TRANSCRIPT – 2CC MORNINGS WITH MARK PARTON
Andrew Leigh MP
Parliamentary Secretary to the Prime Minister
Member for Fraser
30 April 2013


TOPICS:     Budget Deficit, falls in revenue, the Budget, Australian economy

Mark Parton:     … So much talk around town over the big announcement from Julia Gillard. We knew it was coming because so much of it had been leaked: that there’s this $12 billion black hole in revenue and obviously all these new things are going to be considered when it comes to the Budget which is delivered in a couple of weeks. Who do you blame for it? You know, it looks as though again that Treasury has overestimated the money that we were going to get as they’ve been doing for quite some time.  I know that there are a number of economists who sort of track it back to’96 and look; the question is how do we deal with it? We’ve got Andrew Leigh on the line. He is of course the Labor member for Fraser. Now, I know that there are those on the Right who are always extremely critical of whatever Andrew says about economics and look, I seriously think they should listen. He’s a very esteemed economist. I’m not, and I think it’s folly to dismiss what Andrew says.  You can have your ideological differences with him, but let’s see what the bloke’s got to say. G’day Andrew,

Andrew Leigh: G’day Mark

Mark Parton:     When Greg Hunt came on the program yesterday he said that basically what Treasury and your Government have done is budgeted for winning lotto and spent as though you’re going to win lotto and then found out that you hadn’t.

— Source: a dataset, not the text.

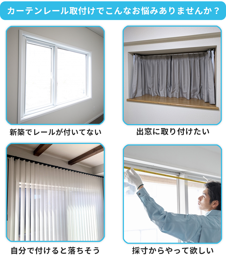 カーテンレールを取り付けたいと思っても、自分で作業するのは意外と大変です。水平がずれて見た目が不格好になったり、壁の材質が合わずしっかり固定できなかったりと、失敗の声も少なくありません。高い位置での作業は危険も伴い、忙しくて時間が取れない、工具を揃えるのが面倒、といった理由で取り付けを後回しにしてしまう方も多いのです。
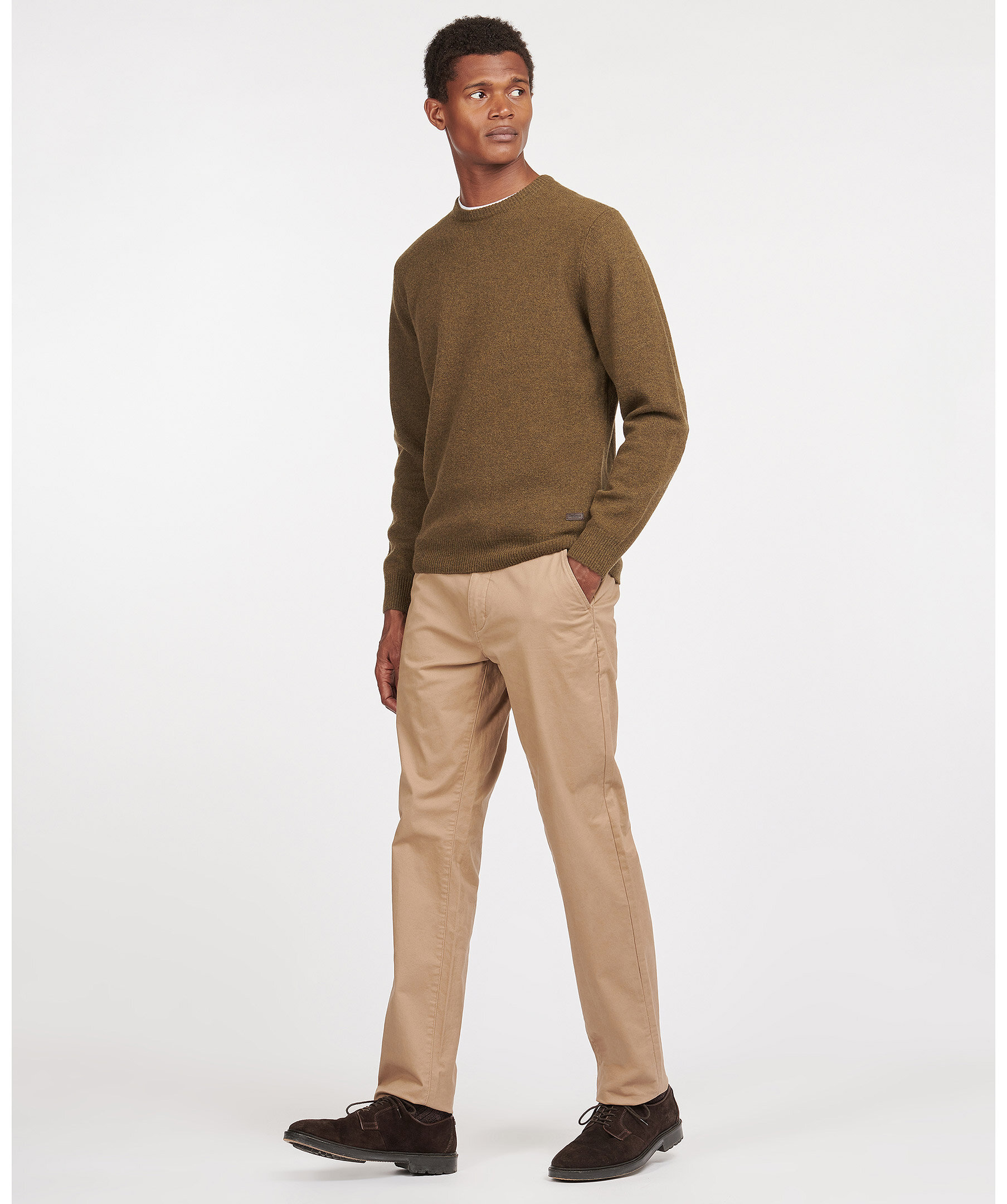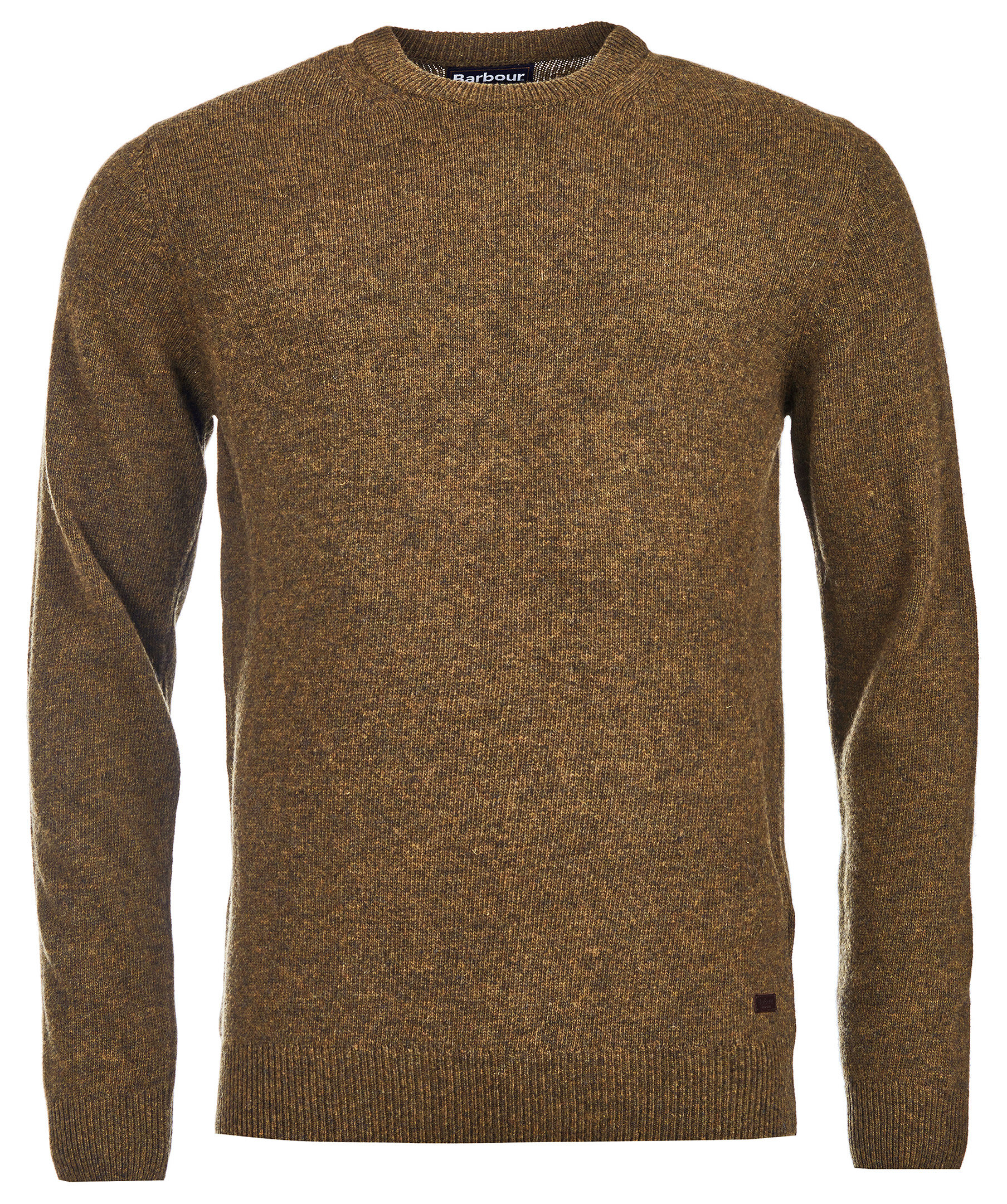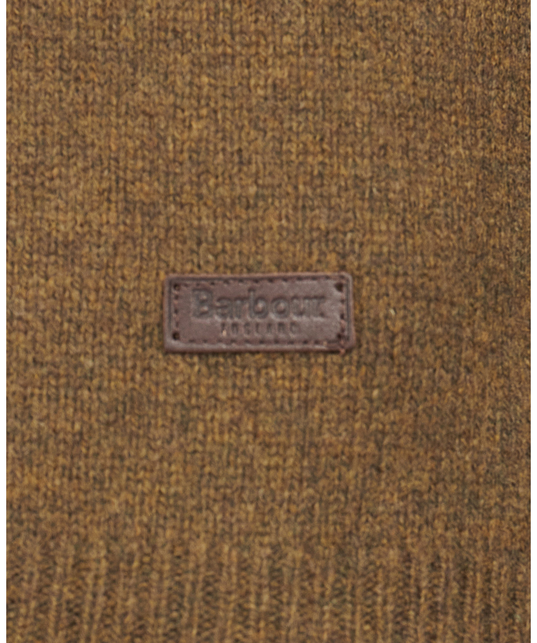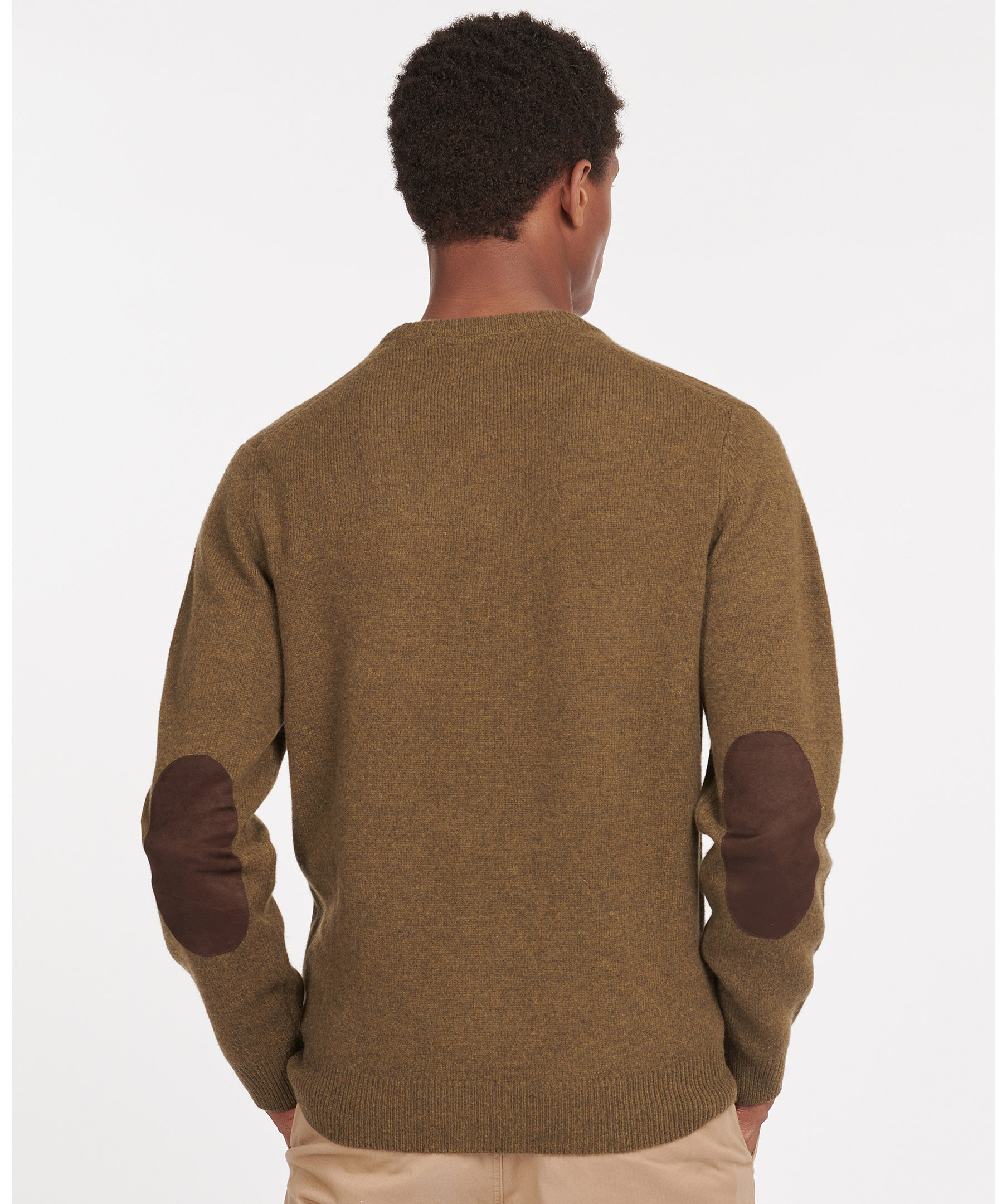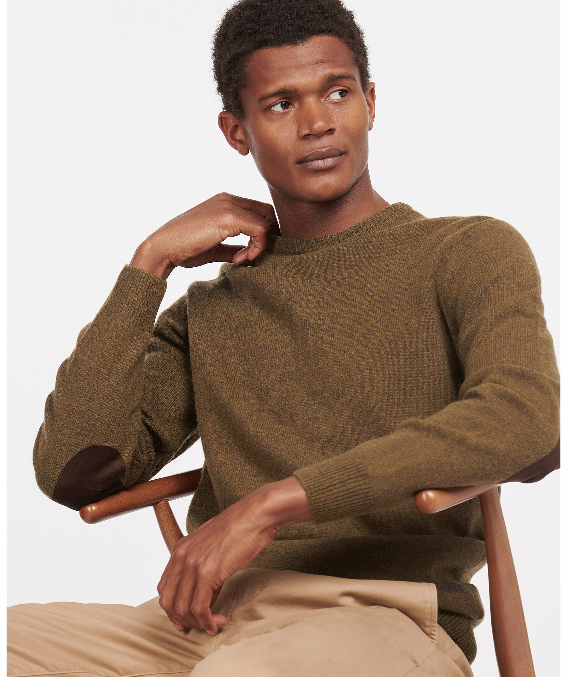 Mossgrön stickad tröja från Barbour. Tillverkad i 100% ull. Tröjan har en rundad halsringning, ribbade muddar vid ärm och plaggslut. Tygpatch på armbågarna och liten patch i brunt läder med logotyp på i nedre kanten av tröjan.

Andrew Leigh: Well the challenge, Mark, of predicting revenues is a big one. I mean, you said before that Treasury has traditionally overestimated the amount of revenue that will come in. Actually, the problem under the Howard Government was the reverse. They ended up getting a little more revenue than they expected and what we’ve found now is that the same Treasury forecasters are making the mistake in the opposite direction. Here’s what’s happened to this one: we’ve seen commodity prices come down a bit. Normally that should bring down the Australian dollar and that has benefits for many of our exporters. But the problem is that so many banks around the world are buying Australian government bonds which has kept the dollar high even while commodity prices have come off. It’s a pretty unusual set of circumstances and that’s meant that revenues are down $12 billion just from what we were forecasting in October last year. $30 billion down on what we were forecasting a few years ago.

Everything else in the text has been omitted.